Task objective = The copy should hold only the line containing "Уже 15 июля" and the lines after it through the end of the material, each exact, with no pictures.

Data for analysis =
↓↓↓
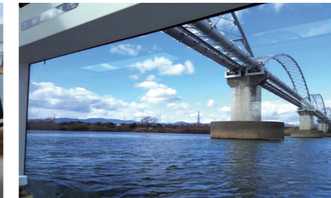
枚方市船着場～八軒屋浜船着場の2時間半舟運コース乗船 (枚方市～大阪市)
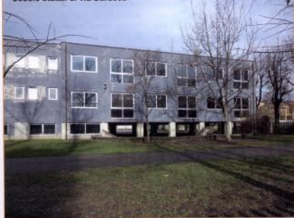
Scuole statali di via Baracca

La Fondazione Cariplo con l'intento di contribuire a superare questi ostacoli, ha emanato il bando "Audit energetico degli edifici di proprietà dei Comuni piccoli e medi" sostenendo progetti di dia-
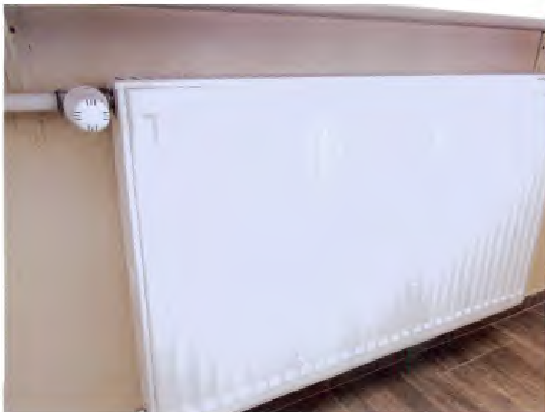
4. Publiczne Przedszkole Nr 11, ul. Wspólna 20, 27-400 Ostrowiec Świętokrzyski – (zdjęcia od nr 19-24).
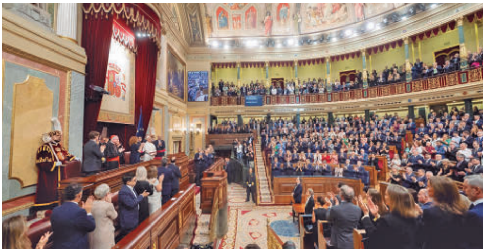
Un momento del discurso en el Congreso de los Diputados E. P.
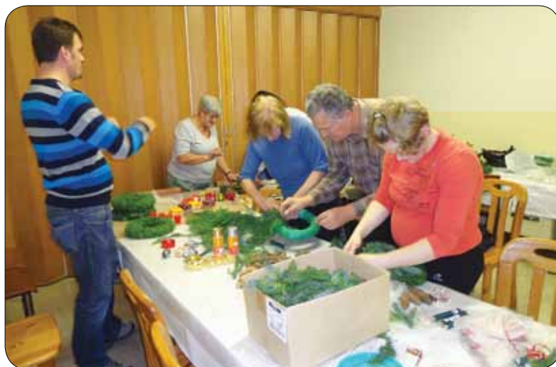
Pridno smo se lotili dela
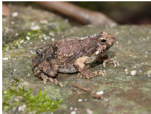
14 Engystomops pustulosus LEPTODACTYLIDAE Rana Túngara
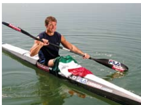
UN UOMO D'ORO L'ex canoista Antonio Rossi, 42. Lecchese, ha vinto, tra l'altro, tre ori olimpici.

Il corso: dopo aver vinto sei ori (equamente divisi tra Olimpiadi e Campionati del mondo), adesso Antonio Rossi porta la sua canoa nella bellissima cornice del "Colonna Beach" di Golfo Aranci, di fronte all'isola di Tavolara, per insegnare ad aspiranti canoisti di tutte le età i segreti di questa disciplina e, soprattutto, per fornire programmi di allenamento che possano costruire una base adeguata per progredire in uno sport dove fatica e allenamento costante sono fattori di primaria importanza.
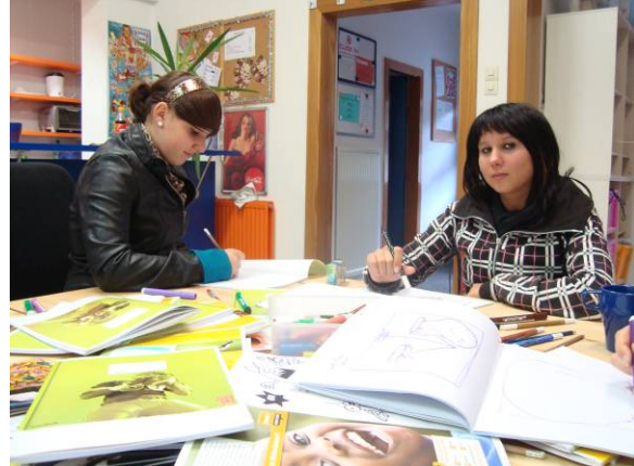
1. Workshop – Zeichnen und Entwerfen von Tatoos
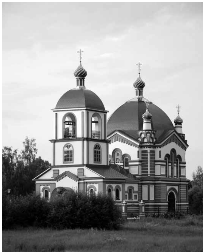
Храм в честь Рождества Христова п. Товарково

Уже 15 июля КЕВ помещают рапорт отца благочинного о пожертвованиях на построение нового каменного храма вместо сгоревшего. Данный рапорт за № 366 был заслушан 8 июня в КДК. К большой радости жителей с. Кременского первый
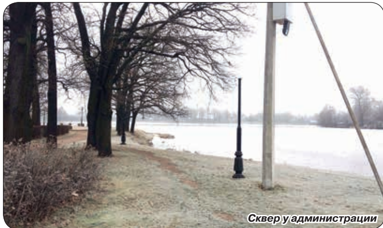
Сквер у администрации
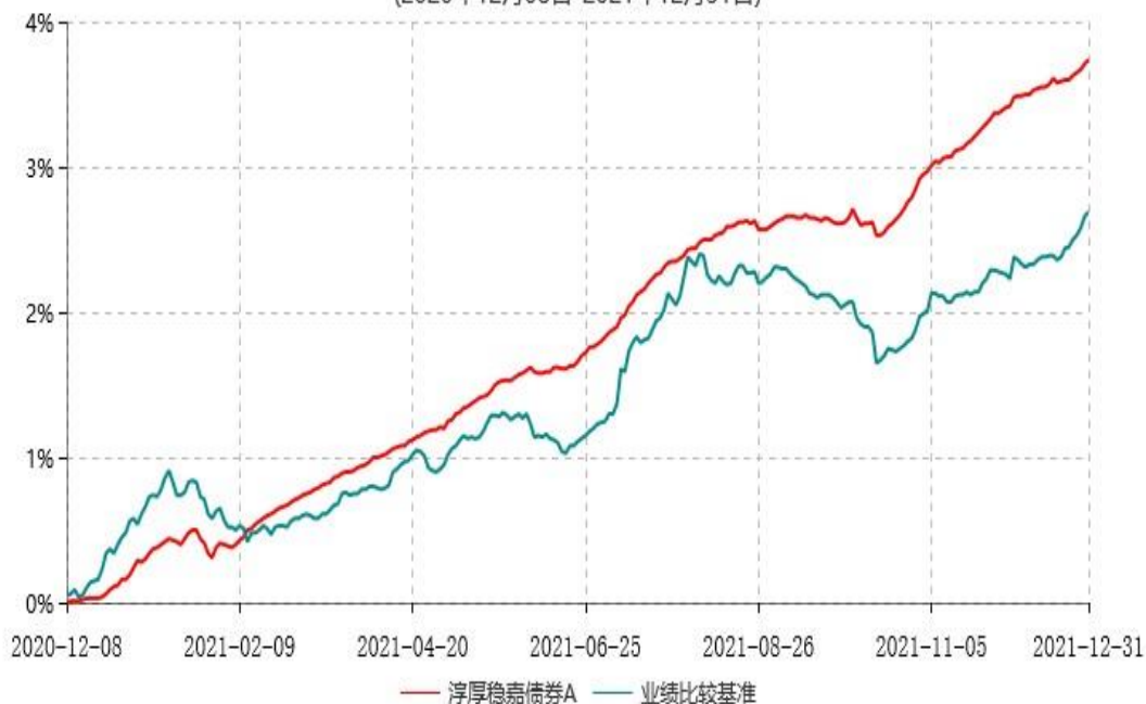
淳厚稳嘉债券A累计净值增长率与业绩比较基准收益率历史走势对比图 (2020年12月08日-2021年12月31日)

注：本基金基金合同生效日为2020年12月8日。按基金合同规定，本基金自基金合同生效起6个月内为建仓期。建仓期结束时本基金的各项投资比例均符合基金合同约定。
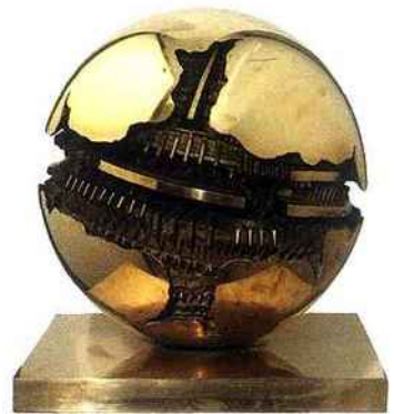
Arnaldo Pomodoro, Sfera , 1990, bronze, Ø 50 cm (TORNABUONI ART, PARIS).

Pomodoro est surtout connu pour ses sphères de bronze brillantes dont la fracture tellurique et l'éclatement laissent apparaître un univers abstrait construit. Ses œuvres monumentales installées dans des lieux publics à travers le monde, comme au siège de l'Unesco à Paris ou à l'Exposition universelle de Shanghai, où il présentait une pièce de dix mètres de haut pour le Pavillon italien, lui ont donné une dimension internationale. Arnaldo Pomodoro ouvre même en 1999 sa Fondation à Milan, dans une ancienne fabrique de turbines hydrauliques. Allant au-delà de cette image d'artiste « officiel », la galerie Tornabuoni
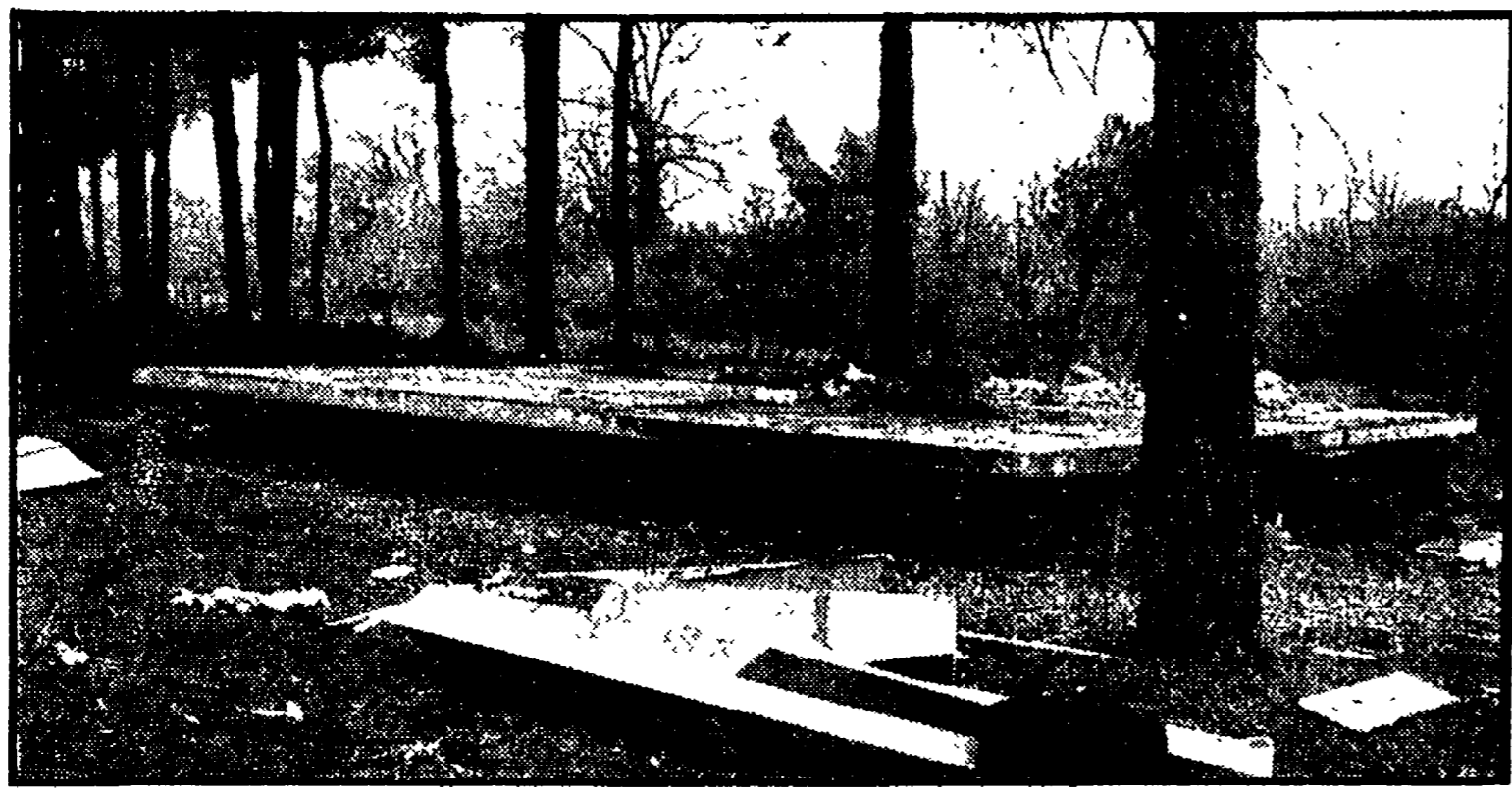
I lavori di una villa abusiva a Capocotta interrotti da una ordinanza del pretore
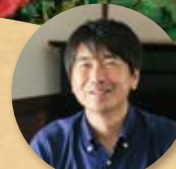
園芸研究家・育種家 矢澤秀成氏
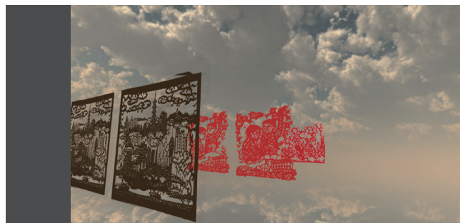
“林曦明现代剪纸艺术馆”海派剪纸VR项目 纪晓燕
↑↑↑
Response =
Уже 15 июля КЕВ помещают рапорт отца благочинного о пожертвованиях на построение нового каменного храма вместо сгоревшего. Данный рапорт за № 366 был заслушан 8 июня в КДК. К большой радости жителей с. Кременского первый
Сквер у администрации
淳厚稳嘉债券A累计净值增长率与业绩比较基准收益率历史走势对比图 (2020年12月08日-2021年12月31日)

注：本基金基金合同生效日为2020年12月8日。按基金合同规定，本基金自基金合同生效起6个月内为建仓期。建仓期结束时本基金的各项投资比例均符合基金合同约定。
Arnaldo Pomodoro, Sfera , 1990, bronze, Ø 50 cm (TORNABUONI ART, PARIS).

Pomodoro est surtout connu pour ses sphères de bronze brillantes dont la fracture tellurique et l'éclatement laissent apparaître un univers abstrait construit. Ses œuvres monumentales installées dans des lieux publics à travers le monde, comme au siège de l'Unesco à Paris ou à l'Exposition universelle de Shanghai, où il présentait une pièce de dix mètres de haut pour le Pavillon italien, lui ont donné une dimension internationale. Arnaldo Pomodoro ouvre même en 1999 sa Fondation à Milan, dans une ancienne fabrique de turbines hydrauliques. Allant au-delà de cette image d'artiste « officiel », la galerie Tornabuoni
I lavori di una villa abusiva a Capocotta interrotti da una ordinanza del pretore
園芸研究家・育種家 矢澤秀成氏
“林曦明现代剪纸艺术馆”海派剪纸VR项目 纪晓燕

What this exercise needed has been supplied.